Fifteen cars. Fifteen packed cars.
So many lives.
All that potential help, gone. And now they were entirely cut off from the mainland as well. Trapped here, exactly where she didn’t want to go. With the tracks falling, so did the telegraph lines—their only way of summoning help.
She turned her back to the river, to the dead. Her squad was at Joan’s open side. Kylie-Nae had a hand over her chest. Russell shook his head. Zuther had his mouth open, apparently trying to make words that wouldn’t come. Ruprecht had dropped off his caravan’s high seat and stood, up to his knees in the snow, hat in his hands. Even Peter, after turning his horse around, had his helm’s grille open—his expression dire.
“Wait here,” she told Ruprecht, ducking midstep to get out her boot knife. With a slash, she cut free the rope between the tank and his caravan.
“Wait! What are you going to do? What’s the plan?”
Anoushka remained under the metal canopy of the tank’s raised flank, half in. “We kill all the orcs and reclaim NK in the name of the Ma’am.”
“Yes, but how? Not everything can be solved by banging your head against it.”
“Oh, no?” Anoushka said and drew the armor flank down between them. Taking her seat, she sat, buckled herself in, and had to attempt twice to get the words unhitched from her throat. To her pedalers, she shouted, “Get us cranked.”
“But . . .” Zuther started, turning in his seat, “maybe Ruprecht has a point. Maybe we should, you know, stop and think up some tactics, a plan of some kind.”
Kylie-Nae, forward, and Russell, turning around too, both gave Anoushka the same worried look.
Anoushka, brake in hand ready to release, listened to Ruprecht beyond the mithril plating shouting that running at the city’s gates was a bad idea.
“Crank up,” she said and, once they’d begun, added, “Joan doesn’t take turns well, and neither do I. There is only forward.”

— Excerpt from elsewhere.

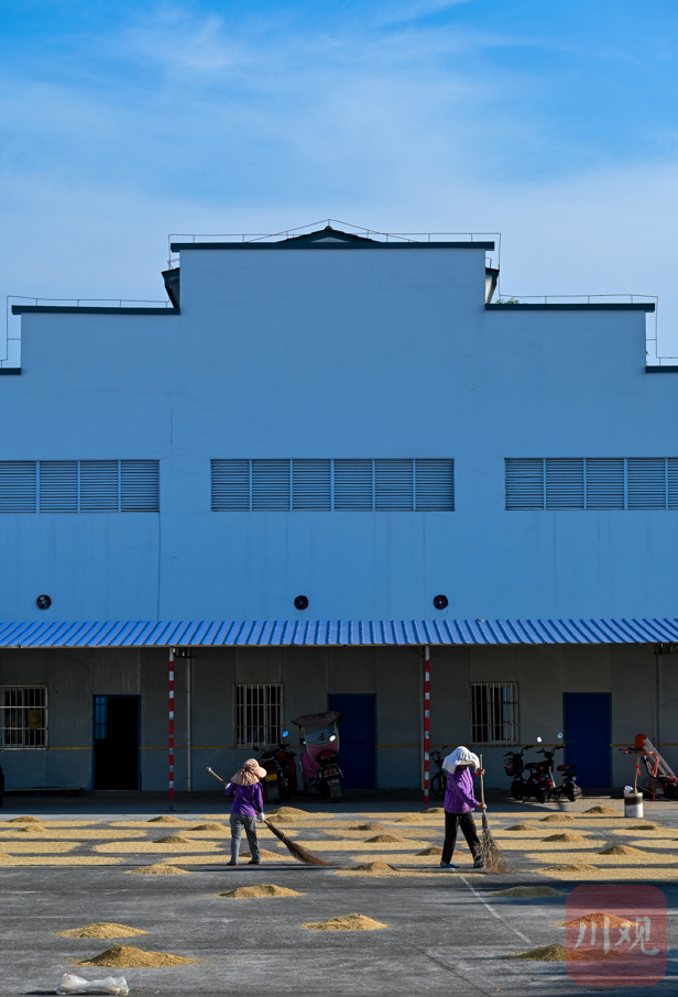 工作人员正在晾晒水稻新材料

The bell tolled. Anoushka released the brakes, all the way off. “Miss Browne, load the cannon—and when you get a moment, turn on our radio.”

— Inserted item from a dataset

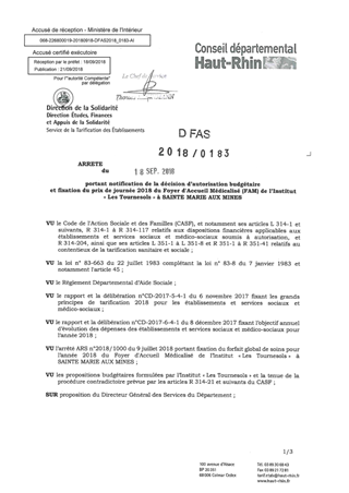 portant notification de la décision d'autorisation budgétaire et fixation du prix de journée 2018 du foyer d'accueil médicalisé (FAM) de l'institut "Les Tournesols" à SAINTE MARIE AUX MINES Resumé Pièces jointes ARRETE Assemblée : Non défini Date : 18/09/2018 Rapporteur : Non défini Collectivité : Conseil départemental du Haut-Rhin Direction : Non défini Service : Direction de la Solidarité Domaine : Prix de Journée Commission :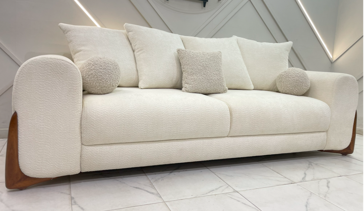 Главное отличие от других диванов, это красивые эксклюзивные деревянные ножки ручной работы интересной формы выполнены из американского ореха. Могут быть в трех цветах.

They rumbled down the dirt path. Anoushka hoped when DJ Cliffy Cohen dropped the needle on his selection, it’d fit this occasion. A rallying ballad, full of drums and electric lute screams worthy of this moment.

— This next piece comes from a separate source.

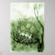 poster en tonos verdes con imagen del dibujo original titulado "Tiempo de alimentación"

As the woods deepened, it became too dark to see through the periscope. Kylie-Nae, continually running the rubber wipers from the forward glass, had to be Anoushka’s eyes. “A little left,” she’d say, then, “A little right.”
They passed dead Kambleburgians hanging from t
rees. City watch, townsfolk. Men, women. Row after row, stirring in the wind, shoulders dusted with snow and icicles reaching from their dangling feet.
The orcs hadn’t dispatched anyone from behind the city’s gates—they knew they had the advantage. Just as well. A full-on attack, as haphazardly headlong as possible, would be something tough to mount an organized defense against. “Who, on occasion, will prove to be the best fighter?” Anoushka’s former captain once asked. “The flailing, out-of-control drunkard dervish. Why? Because they have absolutely no tells, no discernible tactics. And a disciplined, practiced fighter who’s taken decades of their life to master reading an opponent won’t know what to do. Sure, the master will undoubtedly get in easy hits—but probably not without receiving at least a couple from the twirling, mad idiot first.”
Russell and Zuther kept them moving. Kylie-Nae lugged a cannonball to the breach, slotted it, threw in the powder sachet, and made the ball shiny with oil. Spinning the hatch’s lock wheel, she announced they were primed.
Their noise echoed about the woods.
Heads on pikes flanked the road.
“Gates, hundred yards,” Kylie-Nae called out.
Anoushka checked the periscope. There was enough light from a few braziers to either side of the reinforced doors that she could make out Peter and Teetee, standing to the side. The berserker, scattergun ready, scanned above for anyone on the crenellations. He’d come in after, using Joan as a shield.
“Full draw,” she shouted and Zuther and Russell wound the tension engine until it dinged. It rang again and again, with Anoushka having drawn the brake all the way off. “Keep on. We’re gonna go ramming speed.”
The treads beneath them rumbled and screeched as they tore at the ground. While probably rivaling only that of an old horse, Joan’s maximum speed was still damn impressive for something her size.